Бьеланна покачала головой. — Ничто и никогда не происходит в само по себе, Тарикуэль, — сказала она, пытаясь объяснить ему сложности влияния на видения пряжи. — На Дантиуме произошло то, что должно было произойти. Это привело нас сюда и без смерти тех людей будущее, которое я хочу создать, никогда не произойдёт.
— Твои слова мимолётны, как варп-паук и столь же иллюзорны.
— Человеческие судьбы столь кратки и переменчивы, что за ними трудно проследить с какой-нибудь реальной точностью.
— Итак, мы снова идём на войну, чтобы исправить потерянное будущее, в котором мы сами не уверены?
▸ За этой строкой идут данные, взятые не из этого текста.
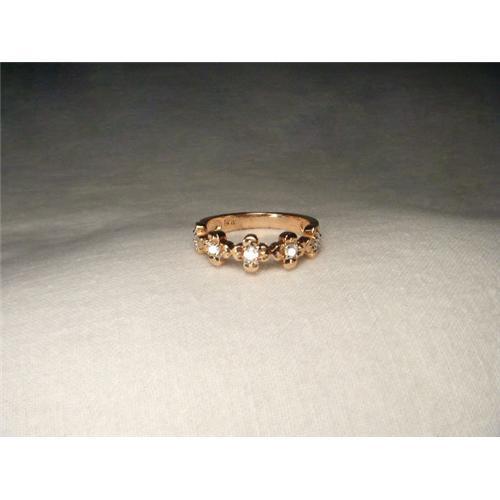 You are looking at an estate 14K pink gold diamond flower band. This lovely piece features 5 brilliant round diamonds measuring 3 mm each. The total weight of the diamonds is .25 of a carat. The band measures 1/4 of an inch wide. It is size 7. Sizing is available. The ring weighs 3.2 grams. It is in mint condition.

— Мы должны, — ответила Бьеланна, собрав руны в украшенной узорами чаше и снова закружив их. Тарикуэль ослепительно быстро вытянул руку и крепко схватил её запястье, провидица поморщилась от боли.
– “Звёздный Клинок” — большой корабль, — сказал он. — И, конечно же, на нём есть места, которые лучше подходят для метания рун, чем храм аспекта?
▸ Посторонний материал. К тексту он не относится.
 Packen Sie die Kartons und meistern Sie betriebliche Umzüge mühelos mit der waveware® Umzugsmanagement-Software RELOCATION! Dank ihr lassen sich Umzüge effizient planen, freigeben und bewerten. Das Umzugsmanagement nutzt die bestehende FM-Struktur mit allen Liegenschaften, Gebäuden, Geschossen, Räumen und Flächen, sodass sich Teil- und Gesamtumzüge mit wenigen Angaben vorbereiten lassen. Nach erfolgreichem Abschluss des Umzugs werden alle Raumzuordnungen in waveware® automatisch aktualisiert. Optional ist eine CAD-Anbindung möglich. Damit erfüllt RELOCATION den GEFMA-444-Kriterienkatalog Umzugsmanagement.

— Есть, — согласилась Бьеланна, когда воин отпустил руку.
Тарикуэль кивнул на руны в чаше и добрая душа, которой он был, прежде чем сладкая песнь Кхаина позвала его, на мгновение проявила себя.
— То, что мы делаем здесь и в самом деле приближает будущее, которое ты ищешь?
Слёзы хлынули из глаз Бьеланны, когда она представила две пустые кроватки в своих покоях.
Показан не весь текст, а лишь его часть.